The meaning of things can fall into history, even when the artefact itself persists. Like why we shake hands. Or give three kisses on the cheek. Or bow. Rituals, embedded in our culture, but not in any sense natural behaviours. They are invented, created, adopted and persist, even when the original logic and thinking of their origins has gone, faded by time.
I was talking about this with a friend a few weeks ago, whilst on a video Hangout with her team. The emergence of a sign language, shared and used by the community was nonetheless new to me. Clear and obvious gestures, but as i was speaking, and suddenly saw movement on ten screens, people with thumbs up, it almost caused me to stop. It was a gesture of support, of agreement, and i’d recognise it from everyday use, but i realised the coordination and utilisation within this team was natural, simply an extension of spoken language into their everyday communication. And equally apparent was that the gesture is not widely used within my own distributed team: interesting indeed that our ‘habit’ is to turn video off and stick to audio.
So we lack two layers: the visual engagement of people nodding (or sleeping) and the gestural language layers that can surround the formal. Not peripheral, you understand, but integral to the communication.

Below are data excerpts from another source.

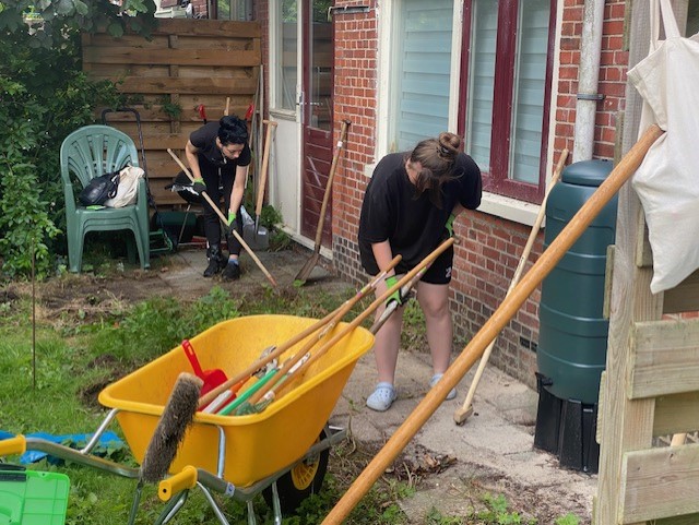 Tijdens het tuinieren zingen de jongeren Oekraïense liederen, zoals het Oekraïense volkslied. Ook vrijwilligers van het wijkbedrijf Het Groenhuis helpen mee. Ondanks dat de groep het gezellig met elkaar heeft, wordt er hard gewerkt. ‘It’s hard work, but we can do it’, zegt een Oekraïense stralend.
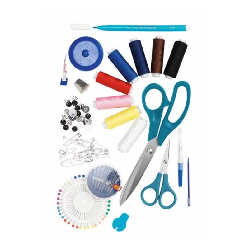 - Sewing kit contains: stored in tin box, textile scissors, sewing scissors, safety pins, buttons and hooks, tape measure 150 cm, button pins, thimble, sewing needle, press stud, self-dissolving marker pen, coarse sewing needle, needle threader and sewing thread 150 meters (white, yellow, pink, red, light blue, dark blue, brown, black).
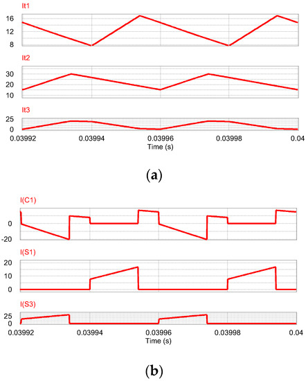 Figure 16a presents simulated current waveforms it1, it2, and it3. Figure 16b, on the other hand, presents current waveforms for the coupling capacitor, ic, inductor L1, iL1, and inductor L2, iL2, for converter 2-3.1. It is seen from Figure 16 that the simulated waveforms are similar to the analytical waveforms shown in Figure 2c, Figure 5a–c, Figure 6a–c, and Figure 8a–e and which were used to derive the analytical expressions. On the other hand, Table 3 presents analytical and simulated data relevant to converter 2-3.1. In particular, the average and RMS values as well as ripple RMS values for the current signals it1, it2, it3, and ic.
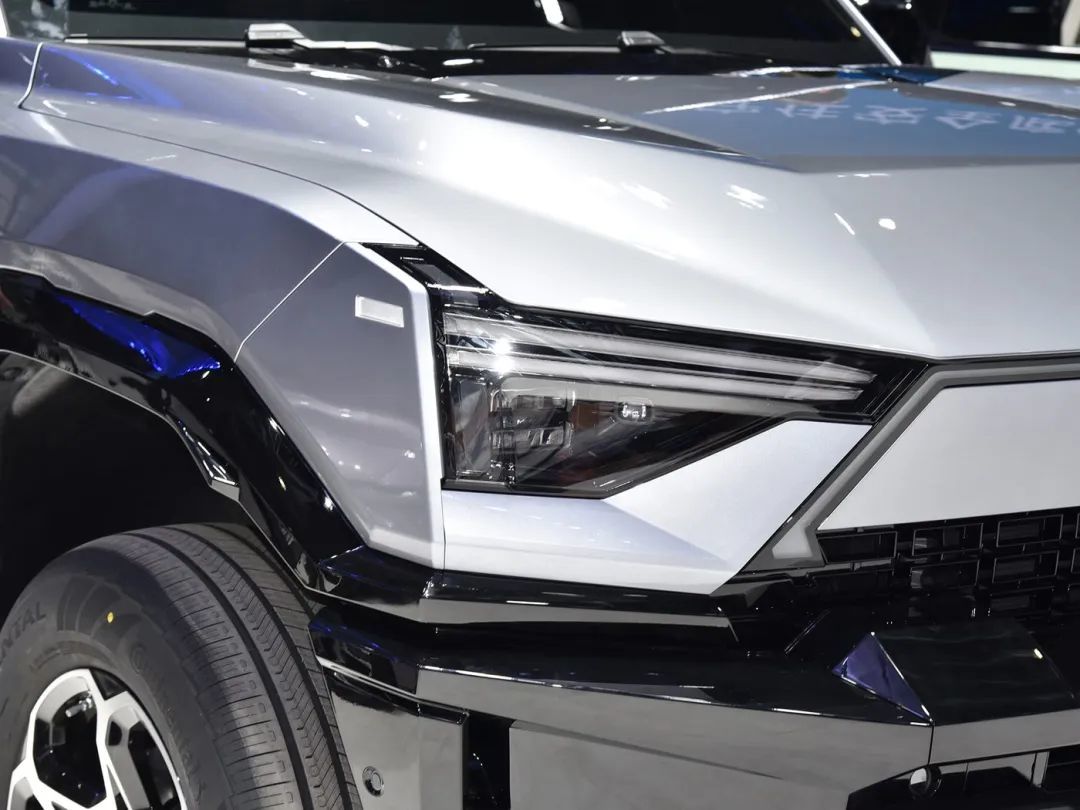 再来看看外观,猛士M817与猛士917的整体风格相似,延续机甲外观设计,车身运用较多的棱角化线条,车头配备梯形的LED灯带以及可发光的猛士LOGO,配合两侧的止戈为武2.0大灯组,展现出满满的科技感。同时,猛士M817提供越野风格和城市风格两种外观,其中越野版车型配备分体式越野保险杠,该保险杠与副车架直接连接,预计该车接近角也将比城市版车型更大。相比之下,猛士M817城市版前保险杠造型相对传统,并使用车身同色配色。猛士科技表示,猛士M817可选6款车身配色,分别为玉龙银、格宗黑、昆仑白、秦岭绿、鸣沙黄和茶卡蓝。
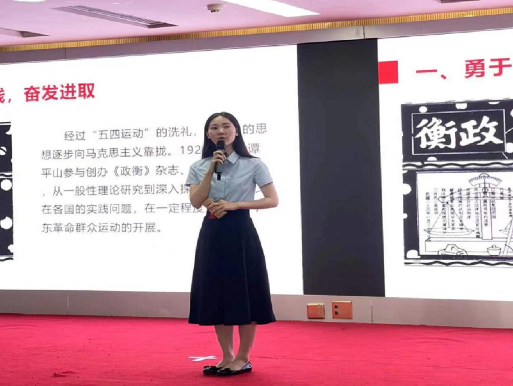 在晋级赛现场,李雨老师运用自编快板歌的创新形式,讲授了主题为《弘扬革命精神传承红色基因——以谭平山为例》的思政微课。她以佛山市革命人物谭平山为切入点,采取“自编快板歌+人物讲解”相结合的方式,声情并茂地讲授了谭平山的革命故事,并引导同学们从中感悟革命精神、传承红色基因。
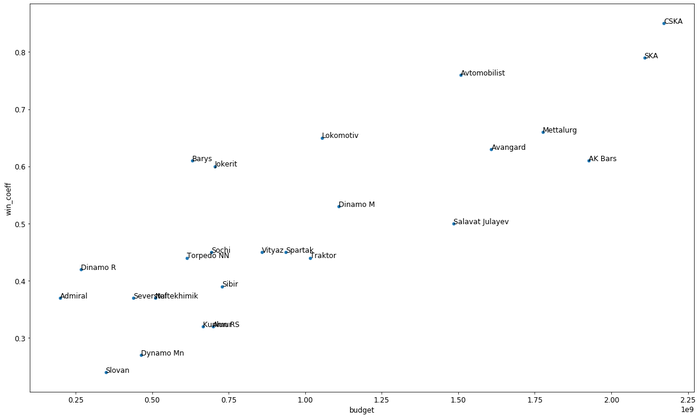 Всем привет! Давно читаю пикабу, решил, что пришло время самому что-то написать. Я финансовый аналитик, в свободное от работы время изучаю статистику и программирование. Думаю, что многие слышали про такой концепт в бейсболе - moneyball. Он подразумевает, что клубы c наибольшим финансированием, обладают более высокими шансами на успех в сезоне. Решил проверить работает ли что-то такое в КХЛ. Дальше будет много буков и графиков. Заранее предупреждаю, что данная статья не является гайдом к ставкам или чему-то подобному. Я просто изучил статистику и хочу поделиться своими выводами с сообществом. За все ошибки в тексте готов понести наказание заранее приношу извинения. Погнали!

This week, we are together in Wales, co-working in a farmhouse for a few days. A rare opportunity to sit in the same physical space. As we sat yesterday, we dialled in an absent friend on Hangout, from Belgium. She presented a great session and we turned on our video to wave and clap, at which point she introduced a new ritual: she shared that in a festival community she belongs to, people show appreciation by rubbing their hands together fast. As if you are warming them up. So we all rubbed our hands and it stuck! All day we replaced clapping with rubbing and, today, we continued our new tradition as a new member joined us.
And promptly wondered what on earth we were doing.
So much meaning is contextual, is learnt. We forget how easily communities can become exclusive, can develop rituals which isolate them, or indeed, empower them. These things are not accidental: we have to pay attention and, sometimes, nurture them.
In our own team, i think we need to use our video more, even when it’s not ‘needed’, but rather because we are missing a contextual layer of communication without it. And it made me think more widely, about how the well connected team my friend works in may be more highly functioning by sharing strong rituals and shared languages beyond the simply verbal or written.
I often counter the notion that face to face is better than virtual: it’s simply a retreat to what we know. it may not necessarily be true, or necessarily be true in it’s entirety. It may simply be that communication in these different spaces is, well, different. But that doesn’t mean we can’t nurture and develop it through paying attention to the rituals and languages that we may be missing.
My somewhat neglected draft manuscript for the book on music and learning explores some ideas around this: about the way we communicate in ways beyond simply words. Ways that we use gestural and tonal elements to our communication that enhance it in many ways. It’s not always what we say in pure words, but rather in the ways we communicate in words, in music, in movement, in it’s entirety that count.
Communication seems so simple, and yet it’s so easily eroded. Because it’s so tolerant of decay, because we are so resilient to degraded signals, like bad phone lines or noisy environments, we forget that it may still be far stronger if we make the effort to elaborate and enrich it, through every channel.